====== Information supplied
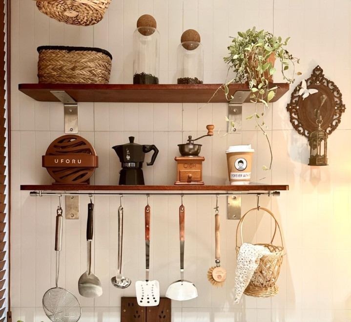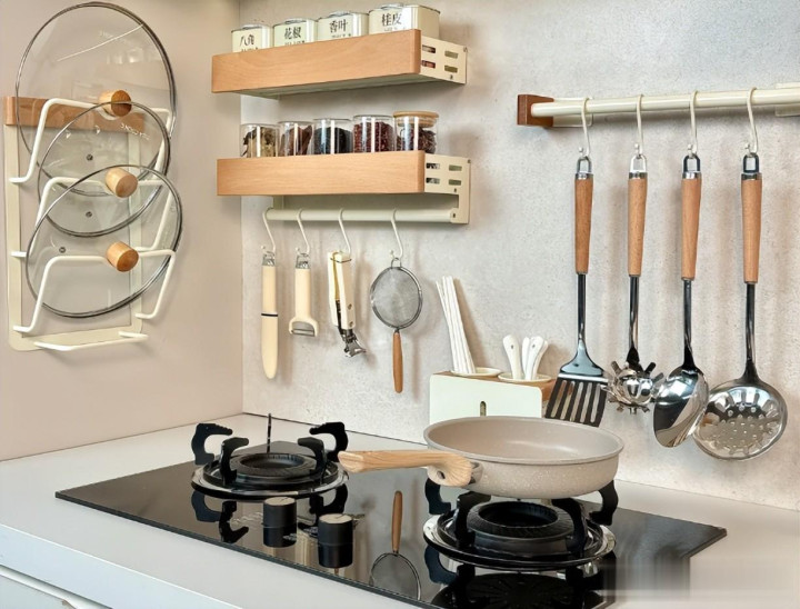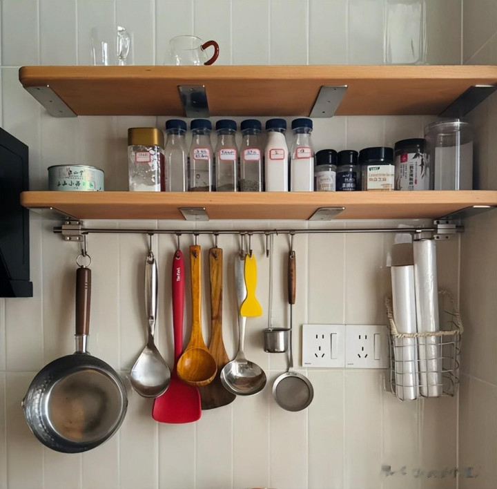 这样你能把各式厨具、调料、餐具等等都吊挂在上头。
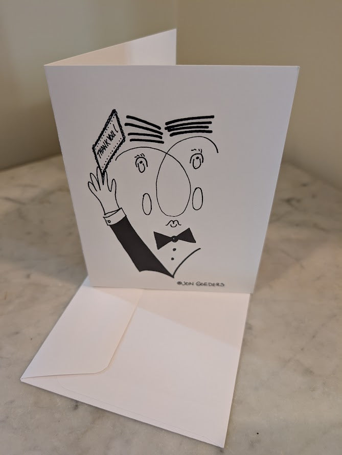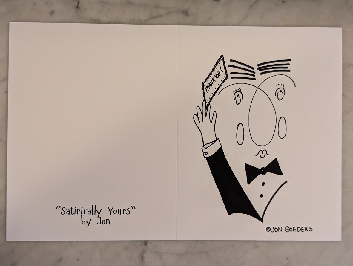 Printed on heavy weight Matte paper; the cartoon drawing on the front, a blank interior of the card allows for your personalized message, and the back of the card features the "Satirically Yours" by Jon logo. An envelope is also included.
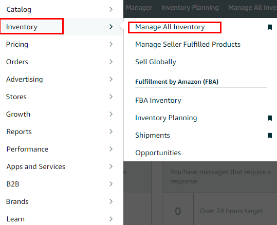 1. To make manual changes to variations, go to the “Inventory” tab on the top menu of Seller Central and select “Manage All Inventory.”
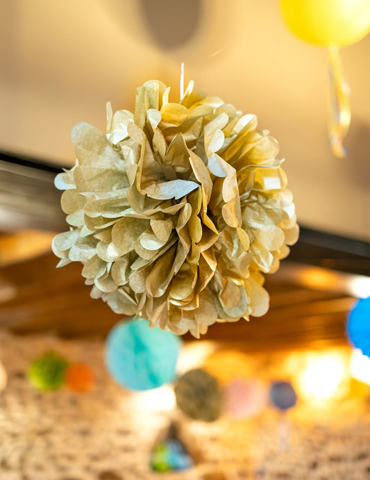 Bouquet de 8 ballons noir, or et argent 27 cm avec confettis
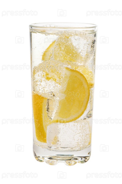 Стеклянный стакан с шипучей водой, кусочками льда и лимона, изолированный на белом фоне
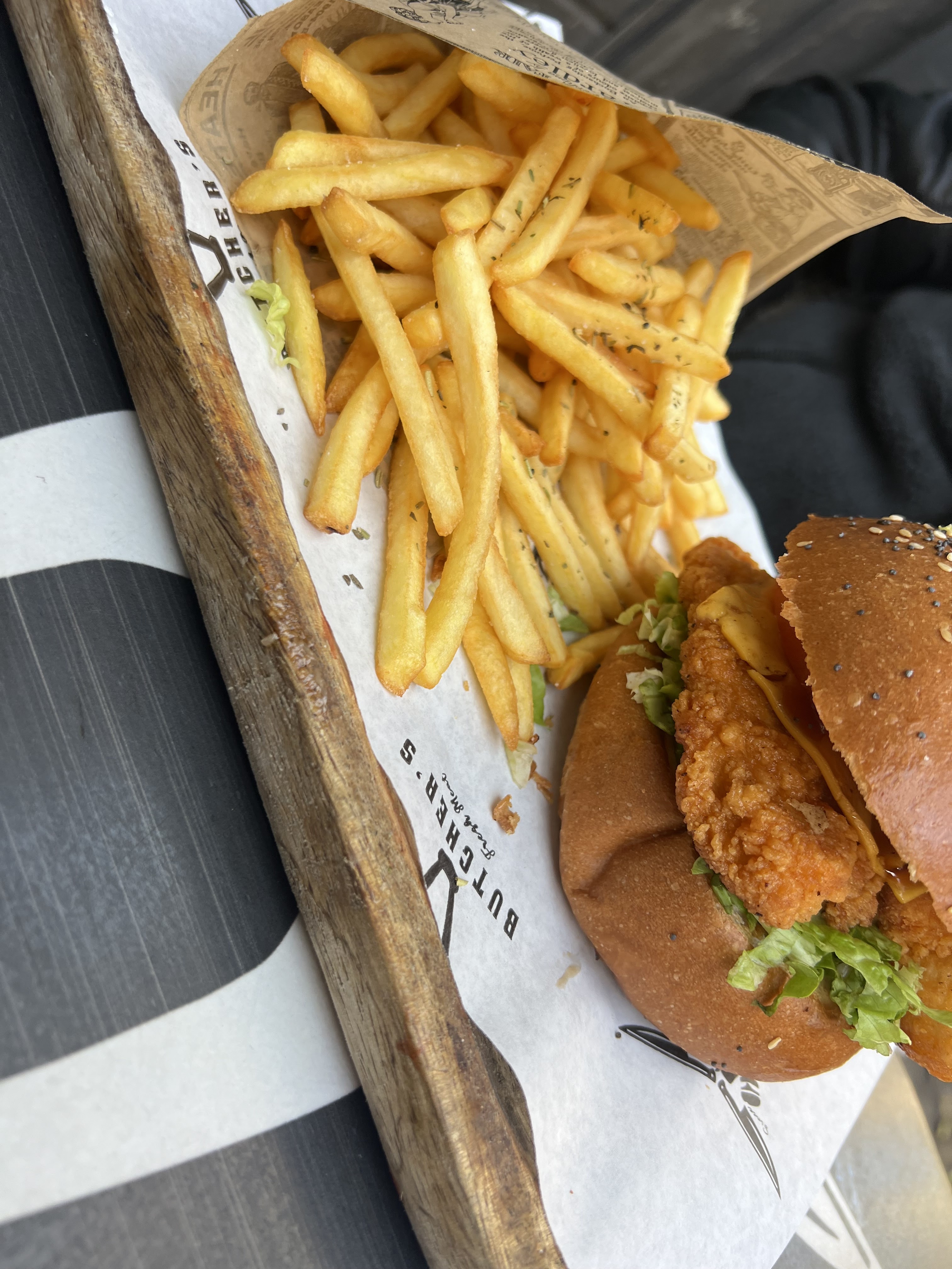 Où ? 📍A côté du métro Noailles. A côté du tram. A côté du Mcdo. 🦋 Quand j'y suis allé ce soir, il y avait 10 personnes à McDo et personne à Butcher. Pourquoi ? 😭 Aucune idée. A Butcher's, le hamburger que j'ai mangé, était au même prix (8€90) avec 2 steaks de 150 grammes. Une bonne poignée de frites et une boisson & sauces. Le tout était gourmand 🧸 ; je suis repu. 🥰 En 2023 : musique à l'intérieur toujours aussi forte. Hamburger toujours aussi mmmh
============
For every line above, produce an exact transcription that omits the images.

 这样你能把各式厨具、调料、餐具等等都吊挂在上头。
 Printed on heavy weight Matte paper; the cartoon drawing on the front, a blank interior of the card allows for your personalized message, and the back of the card features the "Satirically Yours" by Jon logo. An envelope is also included.
 1. To make manual changes to variations, go to the “Inventory” tab on the top menu of Seller Central and select “Manage All Inventory.”
 Bouquet de 8 ballons noir, or et argent 27 cm avec confettis
 Стеклянный стакан с шипучей водой, кусочками льда и лимона, изолированный на белом фоне
 Où ? 📍A côté du métro Noailles. A côté du tram. A côté du Mcdo. 🦋 Quand j'y suis allé ce soir, il y avait 10 personnes à McDo et personne à Butcher. Pourquoi ? 😭 Aucune idée. A Butcher's, le hamburger que j'ai mangé, était au même prix (8€90) avec 2 steaks de 150 grammes. Une bonne poignée de frites et une boisson & sauces. Le tout était gourmand 🧸 ; je suis repu. 🥰 En 2023 : musique à l'intérieur toujours aussi forte. Hamburger toujours aussi mmmh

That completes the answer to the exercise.